Five years later, again writing for the majority, Justice Kaye ruled in Brill v. City of New Yorkiii that statutory deadlines, like Court orders, cannot be ignored without significant consequences.

The Spring 2010 Directives

The First Department’s decision in Fish & Richardson P.C. v. Schindleriv rejected the “one more chance” argument as a basis for an abuse of discretion reversal.

Defendant argues that it was an abuse of discretion for the court to strike the answer in the absence of a conditional order or a specific warning by the court that he faced imminent dismissal. Defendant points to no authority holding that a court must issue such a “last chance” warning or order in all cases before exercising its discretion to strike a pleading. CPLR 3126 permits the court to “make such orders ... as are just,” and it may, in an appropriate case, determine that the pattern of noncompliance is so significant that a severe sanction is appropriate.

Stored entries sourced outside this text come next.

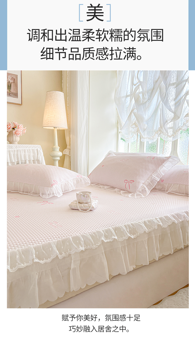 (总)麒豆豆 2025新款优舒棉花边床笠-蜜糖熊,白,粉,黄,灰,绿
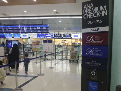 予約を変更して、準備を急ぎ、6時間後には自宅を出た。伊丹に着くと、欠航便も出て、少し混乱している。2階のプレミアムチェックインへ向かう。荷物を預けて、専用保安検査場へ。 |
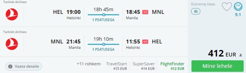 Teised lennukuupäevad leiad: [Edasi-tagasi lennupiletid sügisel Helsingist Filipiinidele al. 406€](https://trip.ee/odavad-lennupiletid/edasi-tagasi-lennupiletid-suegisel-helsingist-filipiinidele-al-406)
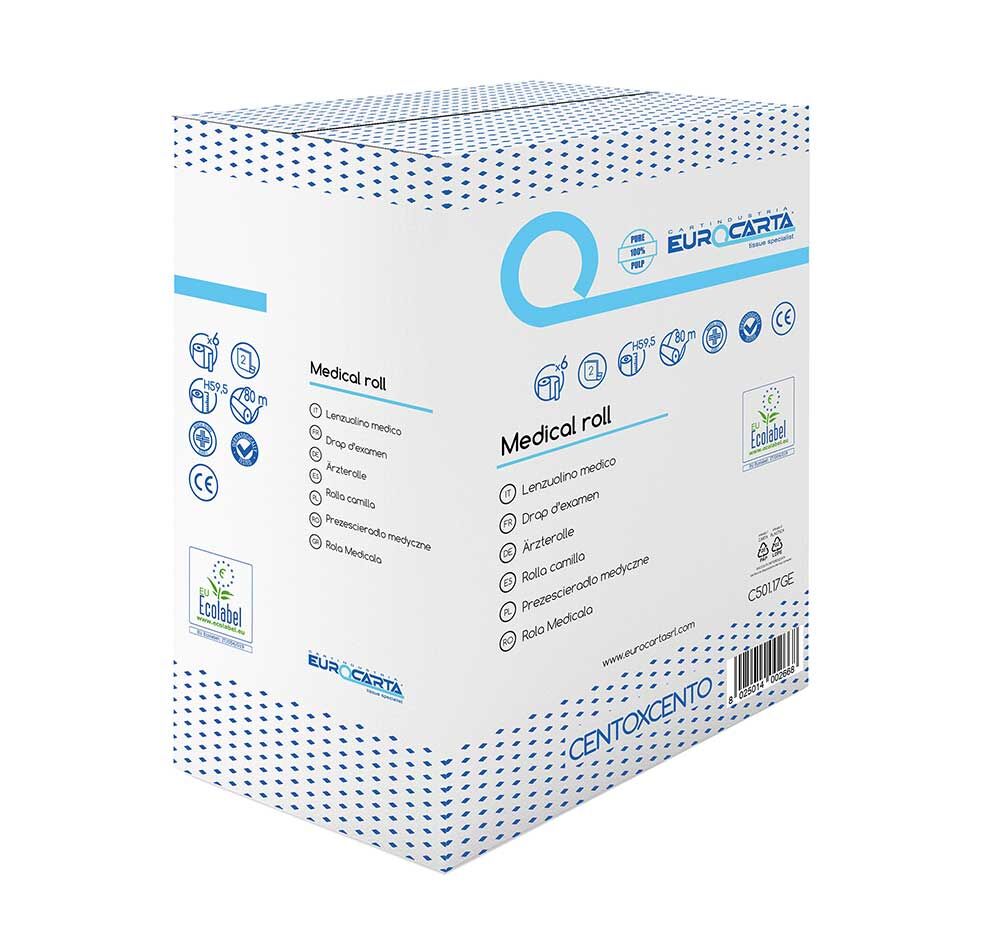 Lenzuolino medico singolarmente confezonato in ctx da 6rt, doppio velo goffrato microcollato in pura cellulosa. Dispositivo medico Classe 1. Dermatologicamente testato. Certificato Ecolabel.

Such a determination should not be set aside absent a clear abuse of discretion (see Arts4All, 54 A.D.3d at 286, 863 N.Y.S.2d 193) [emphasis added].

The Second Department’s opinion in Xiao Yang Chen v. Fischerv was also premised upon a CPLR 3126 motion after plaintiff’s spoliation of evidence violated several orders to disclose (ruling that the Supreme Court improvidently exercised its discretion in denying that branch of the defendant's motion which was to dismiss certain other personal injury causes of action after the plaintiff willfully defied discovery orders by deleting from her computer's hard drive materials that she had been directed to produce).

Compilation Should Start at Engagement

It is good practice to ready the client for disclosure obligations at the time that counsel is engaged by the party for representation. An overview of the anticipated discovery proceedings (documented in a follow up letter) will avoid unnecessary delays. Explain to the client that inasmuch as certain deadlines for production will be imposed by the Court, counsel must impose ancillary obligations upon the client so that production obligations are achieved on a timely and proactive basis. After the Supreme Court struck the Defendant’s answer in Fish & Richardson the client attempted to turn the table on his former counsel by blaming the former counsel for the disclosure failure. To his credit, former counsel successfully avoided criticism for failure to disclose because counsel documented his effort to encourage the client to comply with the disclosure obligations.

i 141 A.D.2d 815, 530 N.Y.S.2d 27 (2nd Dep’t 1988).

ii 94 N.Y.2d 118, 700 N.Y.S.2d 87 (1999).

iii 2 N.Y.3d 648, 781 N.Y.S.2d 261 (2004).

iv 75 A.D.3d 219, 901 N.Y.S.2d 598 (1st Dep’t 2010).

v 73 A.D.3d 219, 901 N.Y.S.2d 598 (2nd Dep’t 2010).